Menurut sejarahnya Desa Muara Dua Kecamatan Nasal Kabupaten Kaur Provinsi Bengkulu  menurut sejarahnya mengalami perpindahan lokasi desa sebanyak tiga kali yaitu Desa pertama di Tumbukan, kedua Rantau Kendidai dan yang ketiga Muara Dua Hulu Nasal. Ini terjadi pada zaman dahulu, masyarakat desa yang memberontak tidak ingin dijajah, lari dan sembunyi jauh ditengah hutan, daerah tersebut bernama Tumbukan.

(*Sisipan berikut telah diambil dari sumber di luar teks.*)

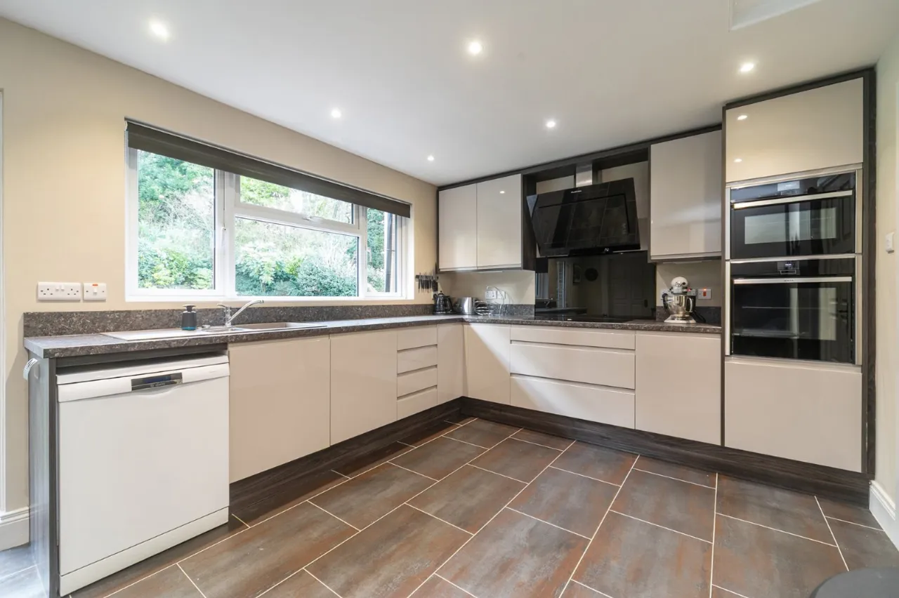 Spotlighting, ceramic tiled floor, range of high and low level units, 'Blanco' 1.5 bowl drainer sink unit, integrated fridge, pull out bin, 'NEFF' ceramic hob, two separate 'NEFF' electric ovens, extractor fan and uPVC double glazed door leading outside

Akan tetapi seiring berjalannya waktu keberadaan persembunyian masyarakat diketahui akibat  hanyutan Buah Labu yang menlintas di hulu Sungai Nasal, kemudian rombongan bersenjata berpikir dan berpendapat pasti ada perkampungan di hulu sungai ini, karena buah ini otomatis di tanam oleh manusia, mereka langsung  mendatanginya dan rombongan kecil. 

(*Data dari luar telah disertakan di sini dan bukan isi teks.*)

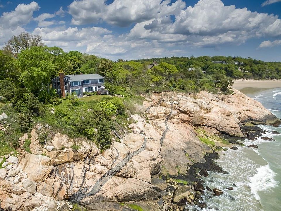Commanding ocean views from this bright waterfront contemporary. Perched high upon a bluff, this 5 bdrm 3.5 bath home is a manageable size with tremendous views. Oceanside rooms have expansive windows that feature the ever changing mood of the Sea. Low tide provides a spectacular sandy beach at the base of the rocky coastal bank for fishing & frolicking in the waves! Built in two phases, the original house has the ability to separate the fireplaced family room from the formal dining room by a set of glass doors that never close off the mesmerizing view. The large retro kitchen has a picture window above the sink counter and sliders that provide access to a much used deck. An office/library off the kitchen allows for expansion. Across a two story glass foyer in the addition is a sunken great room with fireplace and wetbar, 1/2 bath & mudroom. On the 2nd fl, 4 bdrms and 2 baths connect by balcony to a large master suite. Fantastic neighborhood-a short distance from town and Singing Beach

Alhasil rombongan bersenjata yang datang ke daerah Tumbukan tersebut menemukan persembunyian masyarakat, akan tetapi berhubung jumlah masyarakat yang lebih banyak, maka masyarakat menahan rombongan bersenjata tersebut dan meminta tidak dibolehkan pulang, apabila ingin tetap hidup, hiduplah di perkampungan ini (Tumbukan). Tetapi rombongan bersenjata tersebut  menolak untuk berdomisili di Tumbukan, akhirnya rombongan bersenjata tersebut dibunuh dikawasan Tumbukankarna penolakannya.

Melihat rombongan bersenjata yang ditugaskan tidak kunjung pulang. kembali mereka menugaskan pasukan yang lebih banyak untuk menuju Tumbukan. Dengan  rombongan bersenjata yang lebih banyak membuat masyarakat menyerah yang melalui proses negosiasi diajak turun dikawasan Rantau Kendidai, yang sekarang kawasan ini dikenal dengan kramatnya, karena terdapat banyak peninggalan makam zaman dahulu.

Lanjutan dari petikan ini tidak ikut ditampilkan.